When an AI coding agent generates code and a separate AI reviewer examines it, both agents are reasoning from the same artefact: the code itself. If neither has an external reference (a specification, a contract, a statement of what the system is supposed to do), the reviewer has no ground truth to compare against. It checks the code against the code. Not against intent.
The architecture is circular. And there is now enough empirical evidence to say precisely where and how it fails.
The Mechanism
In classical ensemble learning, stacking multiple estimators improves reliability under one condition: the estimators must fail independently. If two classifiers share the same training distribution and the same blind spots, combining them does not reduce error. It consolidates it. The joint miss rate of two correlated estimators approaches the miss rate of either one alone, not the product of both.
This holds for LLM pipelines for a specific reason: a code-generating model and a code-reviewing model drawn from the same model family share architecture, training corpus, and reward signal. That is the same class of correlation the independence condition prohibits. They are not two independent estimators. They are two samples from the same prior.
A 2025 paper (Vallecillos-Ruiz, Hort, and Moonen, arXiv:2510.21513) studying LLM ensembles for code generation and repair named this the "popularity trap." Models trained on similar distributions converge on the same syntactically plausible but semantically wrong answers. Consensus selection (the default review heuristic in most multi-agent pipelines) filters out the minority correct solutions and amplifies the shared error. Diversity-based selection, by contrast, recovered up to 95% of the gain that a perfectly independent ensemble would achieve. The implication is direct: naive stacking of homogeneous LLMs is counterproductive.
A second paper (Mi et al., arXiv:2412.11014) examined a researcher-then-reviser pipeline for Verilog code generation and found that erroneous information from the first agent was accepted downstream because the agents shared the same training distribution and lacked adversarial diversity. Self-review repeated the original errors rather than correcting them.
A February 2026 paper (Pappu et al., arXiv:2602.01011) went further, showing that even heterogeneous multi-agent teams consistently fail to match their best individual member, incurring performance losses of up to 37.6%, even when explicitly told which member is the expert. The failure mechanism is consensus-seeking over expertise. Homogeneous copies make it worse.

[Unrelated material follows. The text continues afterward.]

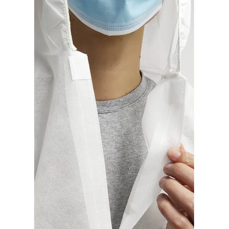 The Disposable Lab Coat with Hood features four Velcros in front, which makes it easy to wear and remove. The Velcros are placed in a way that allows the lab coat to be fastened and unfastened quickly and easily. We could add more velcros in front as your request.

None of these papers tested a pure generator-then-reviewer pipeline without external grounding in the exact configuration described here. That controlled experiment has not been published. But three independent papers from 2025 and 2026, approaching the problem from different angles, document the same failure mode: shared training distributions produce correlated errors, and consensus amplifies rather than corrects them.
A Concrete Example
This example uses a deliberately simple case. Modern frontier models catch classic boundary conditions reliably, as the experiments described in the caveats section confirm this. The point here is the sequence: how a BDD scenario makes a defect detectable before any reviewer is involved.

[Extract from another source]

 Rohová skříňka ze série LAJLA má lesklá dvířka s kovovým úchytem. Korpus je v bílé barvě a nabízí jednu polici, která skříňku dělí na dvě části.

Consider a pagination function. A developer asks an AI coding agent to implement it. The agent produces:
def paginate(items, page, page_size):
start = page * page_size
end = start + page_size
return items[start:end]
The agent also produces tests: one for page 0 and one for page 1 against a ten-item list. Both pass. The implementation is correct for those cases.
The flaw is in what was not tested. When the total number of items is exactly divisible by the page size and the caller requests the last page by calculating it from the total count, the edge case is invisible to the tests provided.
The review agent, given only the code and the tests, validates the implementation against what is there. The tests pass. The reviewer reports no issues. It has no basis to ask what was not tested, because there is no specification defining the expected behaviour for boundary conditions.
The BDD scenario that would have caught it:
Scenario: Last page when total is exactly divisible by page size
Given a list of 10 items
And a page size of 5
When I request page 1
Then I receive items 6 through 10
And the result contains exactly 5 items
This scenario would have failed against the implementation before the reviewer was ever involved. The pipeline stops at the specification, not the review.
There is a second reason this matters beyond the review question. Even where models reliably identify boundary conditions during focused review, general refactoring passes introduce a different risk. An agent refactoring for readability or performance is not focused on correctness. Conditional checks and edge-case handling can be silently removed. The BDD pipeline catches that regression the same way it catches the original defect. The protection is unconditional on what the agent was trying to do.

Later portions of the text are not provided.